US 11,721,413 B2
Method and system for performing molecular design using machine learning algorithms
Piyush Tagade, Bangalore (IN); Shanthi Pandian, Bangalore (IN); S Krishnan Hariharan, Bangalore (IN); and Parampalli Shashishekara Adiga, Bangalore (IN)
Assigned to SAMSUNG ELECTRONICS CO., LTD., Gyeonggi-do (KR)

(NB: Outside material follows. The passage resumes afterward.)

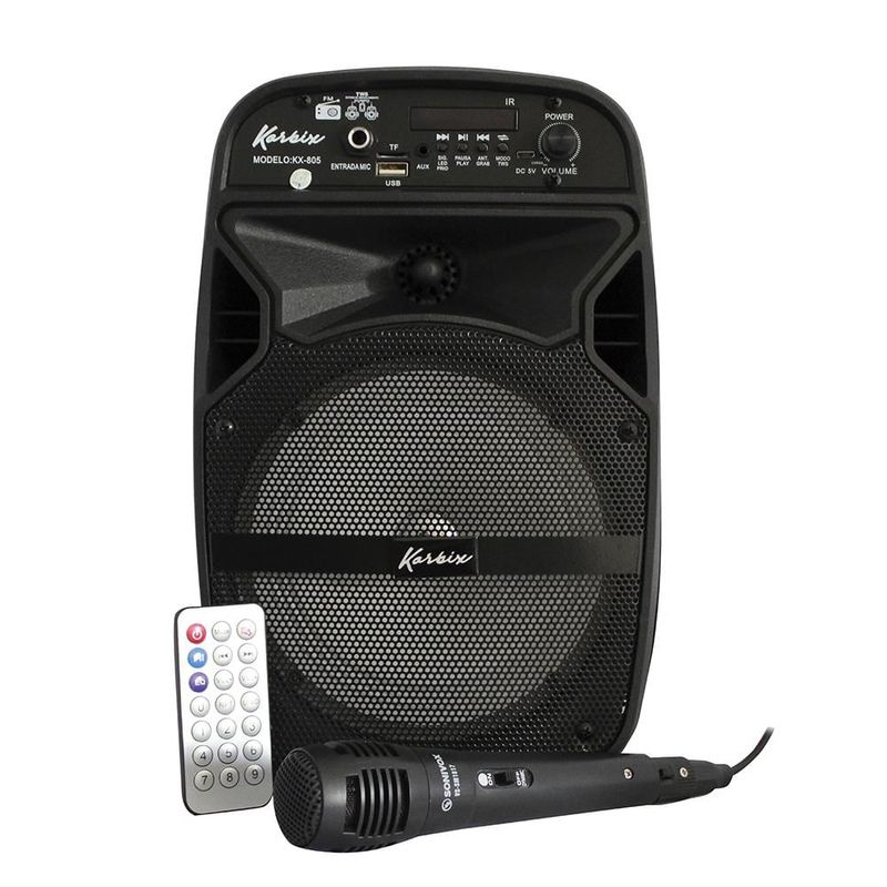 Espectacular oferta de sonido portátil, este hermoso parlante de sonido de alta fidelización, tiene la facilidad de reproducir por Bluetooth, USB, Micro SD Y FM Radio, con entrada Auxiliar, este hermoso parlante viene con un Micrófono Profesional de sonido nítido, un control con todas las funciones y lo puedas transportar sin problemas, el parlante trae batería de Litio de alta duración para que puedas armar las fiestas donde quieras o para que puedas hacer KARAOKE o lo que se le pueda ocurrir en cualquier lugar, el parlante tiene una pantalla digital.
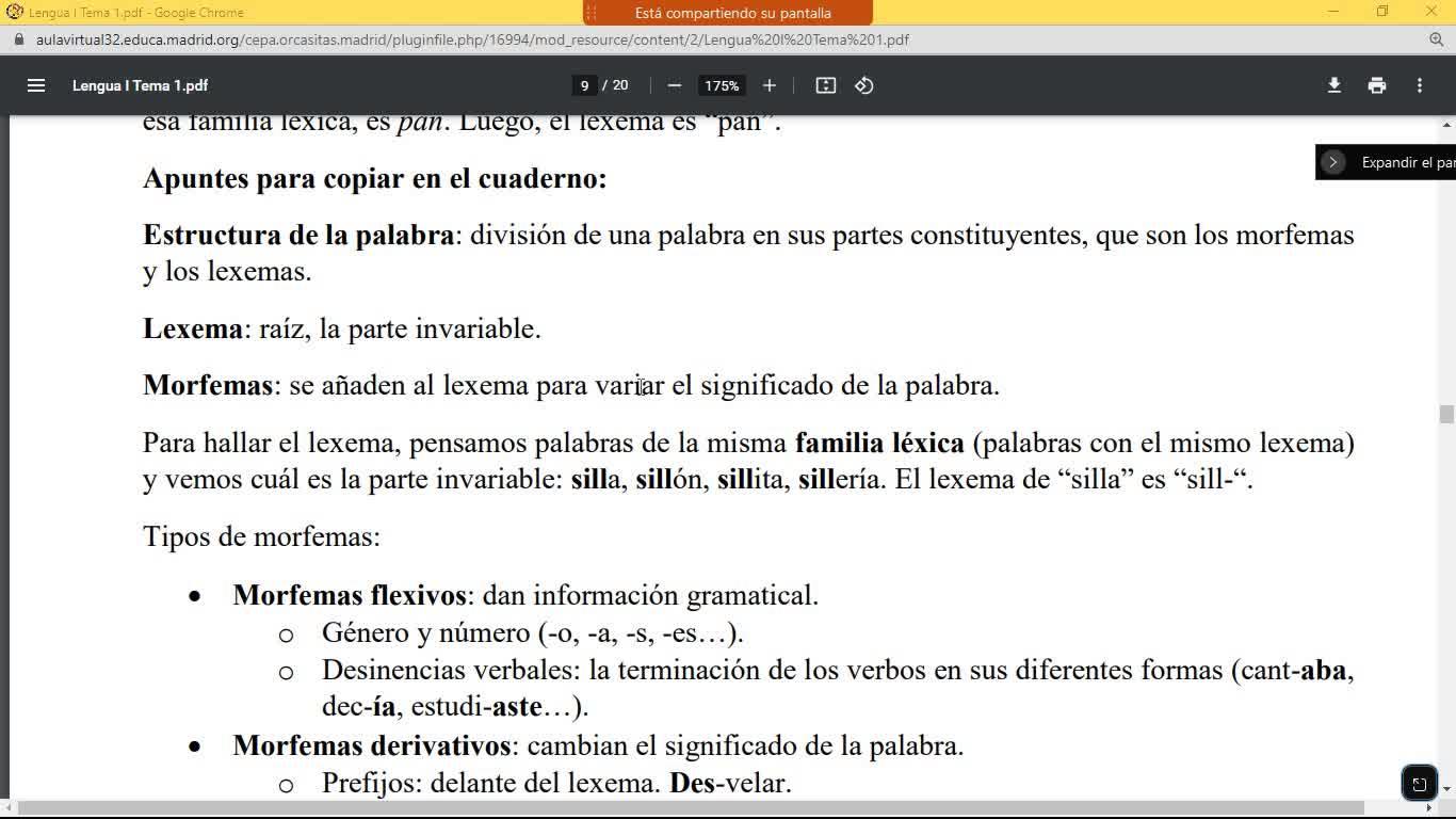 la quinta clase, si no recuerdo mal. Y vamos a continuar con morcemas y lexemas, que es

Filed by SAMSUNG ELECTRONICS CO., LTD., Suwon-si (KR)
Filed on Apr. 5, 2019, as Appl. No. 16/376,132.
Claims priority of application No. IN201841015526 (IN), filed on Apr. 24, 2018; and application No. 10-2018-0117878 (KR), filed on Oct. 2, 2018.
Prior Publication US 2019/0325983 A1, Oct. 24, 2019
Int. Cl. G16C 20/50 (2019.01); G16C 20/70 (2019.01); G06N 20/20 (2019.01); G06N 7/08 (2006.01); G06N 7/01 (2023.01); G06N 5/04 (2023.01); G06N 3/047 (2023.01); G06N 3/045 (2023.01)
CPC G16C 20/50 (2019.02) [G06N 3/045 (2023.01); G06N 3/047 (2023.01); G06N 5/04 (2013.01); G06N 7/01 (2023.01); G06N 7/08 (2013.01); G06N 20/20 (2019.01); G16C 20/70 (2019.02)] 12 Claims
 
1. A method of designing molecules using a machine learning algorithm, the method comprising:
representing, by a Simplified Molecular Input Line Entry System (SMILES) representation unit, molecular structures included in a dataset by using a SMILES, wherein the SMILES uses a set of characters;
converting, by a binary representation unit, a SMILES representation of the molecular structures into a binary representation;
pre-training, by a molecular structure generating unit, a stack of Restricted Boltzmann Machines (RBMs) using the binary representation of the molecular structures to determine a probability density function that estimates whether a candidate molecule comprises a valid molecular structure, the stack of RBMs comprising a three-layer deep belief network (DBN);
constructing, by the molecular structure generating unit, a four-layer Deep Boltzmann Machine (DBM) by combining the three-layer DBN with a two-layer Gaussian Bernoulli Restricted Boltzmann Machine (GBRBM);
determining, by the molecular structure generating unit, limited molecular property data by running a Density Functional Theory (DFT) on a subset of the molecule structures in the dataset;
training, by the molecular structure generating unit, the DBM with the limited molecular property data;
combining, by the molecular structure generating unit, the pre-trained stack of the RBMs and the trained DBM in a Bayesian inference framework;
generating, by the molecular structure generating unit, a sample of molecules with target properties by using the Bayesian inference framework; and
manufacturing, based on the sample of molecules with target properties, one or more real molecules with the target properties.